The Whom Do You Trust? conference wrapped up in St. Petersburg Thursday. In the final analysis, a question hangs in the air: Is this enough – is anything enough – to bend the steep downward trajectory of U.S.-Russia relations toward some kind of accord? I’m afraid I cannot provide a clear answer, but I can say that this event was, at the very least, a good start.
The tragic fact is that U.S. support for exchange programs with Russia is dwindling, as described in an earlier post. These programs have helped millions of people from our nation's learn to understand each other better, and we could certainly use more, not less, of them. So simply providing Russian and American students an opportunity to talk, hang out and do what young people do, is quite rare. In this context, the Track Two conference organizers took a bold approach, emphasizing the similarities between our two cultures – even the negative ones, like fake news – rather than focusing on the differences.
As for the last day of the conference, the students engaged in some exercises worthy of Track Two’s mother organization, the Esalen Institute. Led by American performer and dancer Joe Orrach, the twenty-somethings expressed deep feelings by digging into their personal histories. Here are a few pictures of their day:
Meanwhile, the professors, organizers and other “grown-ups” attending the conference dug into their own feelings about the past three days. Some felt that an opportunity to air out the political dirty laundry was missed, although one said, “Perhaps we didn’t discuss politics because we didn’t want to.” More often the attitude of the older attendees was positive: one woman was warmed by the impact of realizing how similar people everywhere really are. A Russian professor was interested in the level of audience engagement throughout the conference, a regular feature of American events, while an American was impressed by the openness of the young Russians to new forms of dialogue.
Nevertheless, the deteriorating relationship between our countries was on many minds.
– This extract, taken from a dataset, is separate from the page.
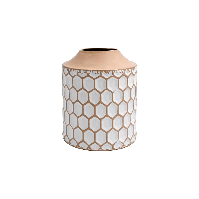 ΜΕΤΑΛΛΙΚΟ ΕΠΙΤΡΑΠΕΖΙΟ ΔΙΑΚΟΣΜΗΤΙΚΟ ΒΑΖΟ Fylliana FL364 ΜΠΕΖ-ΛΕΥΚΟ ΧΡΩΜΑ 19x23εκ

We live in times of mistrust bordering on hysteria, a fact brought home by this article in Medium online magazine. Titled Mueller, Trump and Putin, and written by a Democratic political operative, it spends one paragraph lambasting Donald Trump and the rest practically apoplectic about Vladimir Putin. Nonetheless, all the author’s claims of Russian “criminality and anti-democratic skullduggery” are hedged with phrases including “alleged,” “might well be,” “appears to be,” and even, “There is no way, at this juncture, to verify the accuracy” of these accusations. This is not fake news, it is anti-Russian propaganda. Confronted with this daily bombardment, just watching Americans and Russians talking and laughing was more powerful than the organizers thought it could be. (By the way, for a more accurate description of the facts of the Russian-American argument, written by an actual journalist, see The Quiet American: Behind the US-Russian Imbroglio, by Keith Gessen, a recent New York Times article ).
For a final thought on this situation, I turned to Charles Maynes, a radio journalist attending the conference. Charles has unique insight on Russia and America: the son of a respected American journalist who was stationed in Moscow when he was a child, Charles is an American who has lived in Russia for the last twelve years, reporting for NPR and others.
He felt that Russia is, in effect, the safest enemy America could have. This is the enemy we know. Despite the fact that our nuclear missiles are still pointed at each other, we are rivals who have, through rancor and hard times, never let those weapons loose. And, he said, “I am not afraid that a Russian is going to show up in Times Square with a dirty bomb in a suitcase.” I had to agree.